• Work task: Nothing but the lines from the one containing "Η ΜΕΘ έξι κλινών" through the end of the data should be retyped, exactly as they stand, and pictures should not be retyped.

• Source data:
• • • •
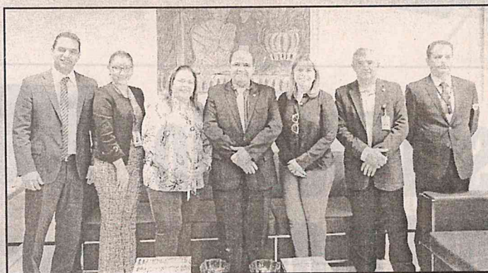
Solenidade de assinatura do termo de cooperação técnica entre o Detran-MA e o MPMA

Os acessos serão disponibilizados aos promotores de justiça, integrantes do Grupo de Atuação Especial de Combate às Organizações Criminosas (Gaeco), e membros da Assessoria Especial
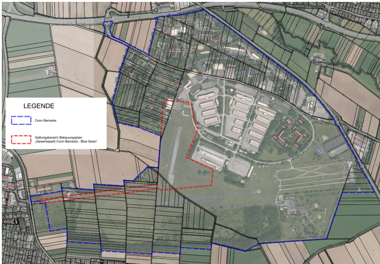
Abb. 4: Lageplan Kataster mit Luftbild – Blau Gesamtbereich der Conn Barracks – Rot Geltungsbereich Bebauungsplan „Gewerbepark Conn Barracks - Blue Swan“

Der vorliegende Aufstellungsbeschluss behandelt die 5. Änderung des Flächennutzungsplanes der Gemeinde Geldersheim, Bereich Conn Barracks. Der Änderungsbereich umfasst eine Größe von 15,1 ha. Die Änderung wird erforderlich, um eine Entwicklung des Bebauungsplanes „Gewerbepark Conn Barracks – Blue Swan“, „Sonstiges Sondergebiet“ (SO) gemäß § 11 BauNVO (Baunutzungsverordnung) mit der Zweckbestimmung „Datacenter“ aus dem Flächennutzungsplan gemäß § 8 Abs. 2 BauGB zu gewährleisten. Hierfür muss ein Teilbereich der Gewerblichen Baufläche des Flächennutzungsplanes der Gemeinde Geldersheim entsprechend in „Sonstiges Sondergebiet“ (SO) gemäß § 11 BauNVO mit der Zweckbestimmung „Datacenter“ geändert werden.
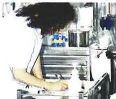
Για όλη τη Βόρεια Ελλάδα λειτουργεί μόλις μια μονάδα εντατικής νοσηλείας παιδιών στη Θεσσαλονίκη, στο Ιπποκράτειο Νοσοκομείο

Η ΜΕΘ έξι κλινών της Πτολεμαΐδας είναι η μοναδική στη Δυτική Μακεδονία, αφού επί χρόνια η ΜΕΘ του Μαμάτσειου νοσοκομείου Κοζάνης παραμένει στα χαρτιά και τα επτά κρεβάτια της είναι κλειστά εξαιτίας της έλλειψης προσωπικού. Λουκέτο έχει μπει εδώ και χρόνια και στη ΜΕΘ του νοσοκομείου Καστοριάς που είχε έξι κρεβάτια.
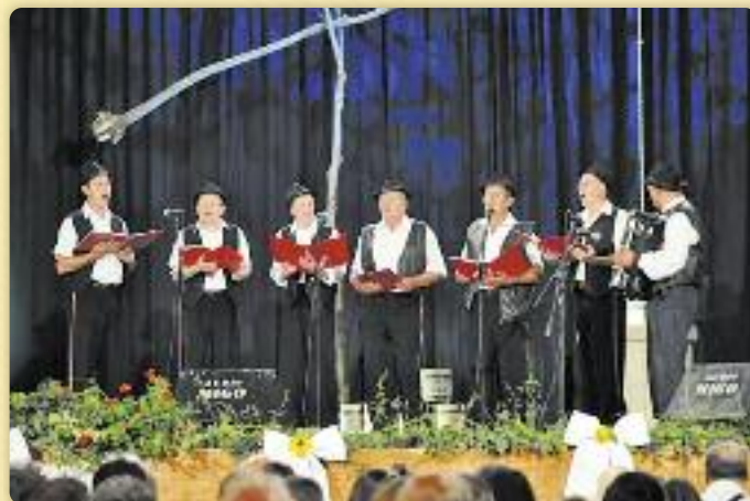
КУД «Яким Гарди» Петровци
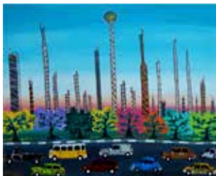
Cartão Postal, de Enzo Ferrara

Exposição de intervenções do coletivo Casa da Vez, formado
• • • •
• Output for this task:
Η ΜΕΘ έξι κλινών της Πτολεμαΐδας είναι η μοναδική στη Δυτική Μακεδονία, αφού επί χρόνια η ΜΕΘ του Μαμάτσειου νοσοκομείου Κοζάνης παραμένει στα χαρτιά και τα επτά κρεβάτια της είναι κλειστά εξαιτίας της έλλειψης προσωπικού. Λουκέτο έχει μπει εδώ και χρόνια και στη ΜΕΘ του νοσοκομείου Καστοριάς που είχε έξι κρεβάτια.
КУД «Яким Гарди» Петровци
Cartão Postal, de Enzo Ferrara

Exposição de intervenções do coletivo Casa da Vez, formado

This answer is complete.